When we talk about climate change, we often focus on things like infrastructure, agriculture, or water systems. But the truth is, climate change affects people first, and it affects them differently. In Tanzania, for example, when floods, droughts. tropical cyclones hit the communities the availability of essential healthcare services and reproductive health services is compromised. So, when a pregnant woman visits health facilities for delivery, and the floods have damaged the infrastructure, it forces her to deliver in unsafe conditions, which puts her and her unborn baby at great risk of losing their lives. So, when we advocate for the integration of sexual reproductive health and gender issues into climate change policy frameworks is all about protecting the lives of our dear mothers, sisters, and daughters. Ultimately, we can’t call the climate policy “inclusive” if it leaves out the health and rights of half the population. The meaning of inclusive is means it has to recognize the unique needs, vulnerabilities of these different population groups that are affected. And in our context, women and girls are the ones who are disproportionately affected by the changing climate than other population groups because of various factors, including limited access to resources and decision-making spaces.

Qn: - Ms. Janet:  Access to sexual reproductive health issues at all times empowers women to make the decisions, and it also contributes to strengthening their resilience against the changing climate. What is the context in Tanzania? And can you share a success that your team has had regarding this work, or a challenge that you face? Whether it is getting folks to understand the importance of this, or how these climate adaptations, plans are received or worked through in Tanzania.

Thank you.

If I were to highlight one success, it would be the inclusion of sexual and reproductive health considerations in Tanzania’s draft Health–National Adaptation Plan, or H-NAP. The Plan is already in place and now waits for the final endorsement by the government of the United Republic of Tanzania. The component on sexual reproductive health and gender has been mainstreamed in this draft, which was sidelined in the first Tanzania HNAP.  This is the result of our persistent advocacy efforts because we have conducted a series of consultative meetings with the government ministries and other CSOs that work on the gender and reproductive health thematic area. And we have also developed several policy briefs to increase awareness among policymakers on the nexus between climate change, Gender, and Sexual and Reproductive Health.

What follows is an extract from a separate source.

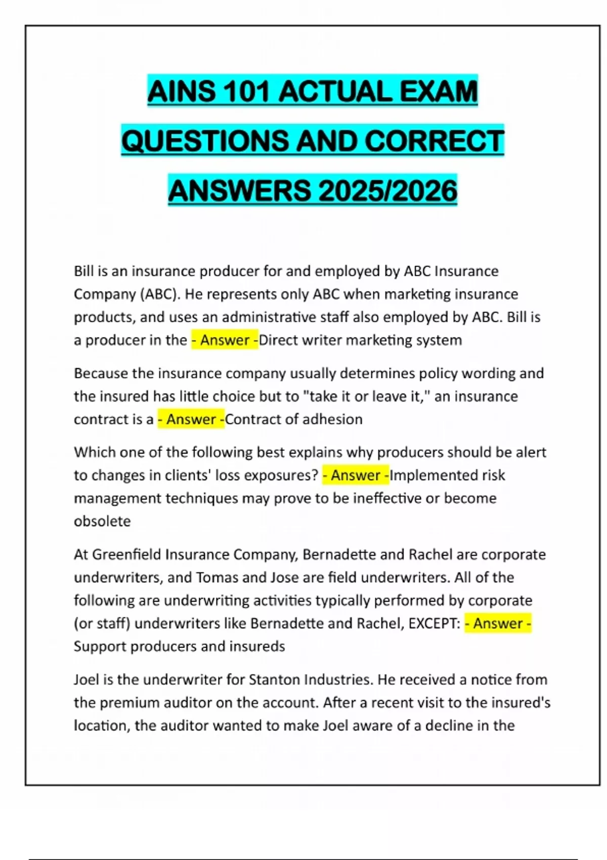AINS 101 ACTUAL EXAM QUESTIONS AND CORRECT ANSWERS 2025/2026 Bill is an insurance producer for and employed by ABC Insurance Company (ABC). He represents only ABC when marketing insurance products, and uses an administrative staff also employed by ABC. Bill is a producer in the - Answer -Direct writer marketing system Because the insurance company usually determines policy wording and the insured has little choice but to "take it or leave it," an insurance contract is a - Answer -Contract of adhesion Which one of the following best explains why producers should be alert to changes in clients' loss exposures? - Answer -Implemented risk management techniques may prove to be ineffective or become obsolete At Greenfield Insurance Company, Bernadette and Rachel are corporate underwriters, and Tomas and Jose are field underwriters. All of the following are underwriting activities typically performed by corporate (or staff) underwriters like Bernadette and Rachel, EXCEPT: - Answer - Support producers and insureds Joel is the underwriter for Stanton Industries. He received a notice from the premium auditor on the account. After a recent visit to the insured's location, the auditor wanted to make Joel aware of a decline in thebusiness and some questionable business practices. Which one of the following types of hazards is the auditor identifying? - Answer -Moral hazards Moral hazards - Answer -include questionable business practices or a failing business. James West is a claims rep with Hatters Insurance. As he learns how to handle a claim from start to finish, which one of the following best describes the correct order for him to follow during this process? - Answer -Identifying the policy, calculating a loss reserve, determining the cause of loss, preparing a loss statement Margaret was severely injured and scarred due to a recent accident. Which one of the following is an example of general damages Margaret received? - Answer -Compensation for disfigurement Donna is an insurance producer. She makes an appointment with potential policyholder Sandie to review her loss exposures. She asks Sandie to complete a questionnaire to assist her in this effort. Donna is conducting a - Answer -Risk management review Rachel is a new employee of Westley Insurance, and has been asked to review some existing policies to become familiar with the types of policies she will be working with. Which one of the following will Rachel find is true as she conducts her review? - Answer -Rachel finds the policy begins with a coverage overview and then goes into more coverage details. Sports, Inc. is looking to obtain a commercial property policy on its building for $400,000. If their insurer decides to charge them a rate of$0.50 per $100 of building insurance, what premium must Sports, Inc. pay? - Answer -$2,000 Destructive competition in the insu

Now, turning to challenges, there are a couple I’d highlight. One is the advocacy process itself. Engaging multiple stakeholders, government, development partners, government ministries, and academic institutions, the process can be slow and complex. Sometimes it isn’t easy to get all parties aligned, particularly when climate and health agendas compete for attention or limited resources. SRH is institutionalized in the health sector, and various health risks are exacerbated by the changing climate change including nutrition, water-borne diseases, vector-borne diseases, and the health system itself, such as the destruction of facilities that are critical for operation and delivery of health services. In this case, there are a lot of competing priorities in the health sector that could impede the prioritization of sexual and reproductive health in climate policy frameworks, even if there is solid evidence and very strong arguments to make in policy spaces.

Lastly, as the Tanzanian climate policy landscape was evolving by the time we were engaging in advocacy in HNAP, we capitalized on the opportunity to ensure that what has been prioritized in Tanzania's second HNAP is used to feed other national climate policy frameworks, such as NDC 3.0 and NAP.  This was deliberately conducted to ensure greater synergy and coherence between the national policy frameworks.

                       Dr.Mahesh Srinivas 
 From American India Foundation.

With respect to health and nutrition, the Foundation has been supporting interventions, aimed at reducing maternal and child mortality and morbidity over the last 15 years, And the key success has been its ability to support public health systems to scale up community-based care models through frontline workers. So, the frontline worker is at the core of our interventions we believe that climate and health intersectionality need to be an integral part of all public health programs and India, like most countries, witness extreme climate events.

When we look at data from the meteorological department, Over the last few decades. We see an increasing trend data that we see, and the extreme heat is for prolonged periods You know, more than 75% of the 1.5 billion population  that's right, 75% of the 1.5 billion population are subject to extreme heat, anywhere from 60 to 90 days on an average, then and in many places, the temperatures can reach as high as, 115 to 120 degrees Fahrenheit.

You know, so that obviously is a stress factor that we should keep in mind and only about 10% of the population probably have access to air conditioning, in rural areas, it’s less than 1%. So, all in all, climate Events like extreme heat, amplifies, pre-existing vulnerabilities. And this actually creates complex challenges to ensuring the well-being of women and children we have set ourselves a very simple roadmap. There are four things that we are doing as part of the current project, supported by Panorama, firstly, we plan to obtain contextual knowledge. Through research, qualitative research, on community awareness.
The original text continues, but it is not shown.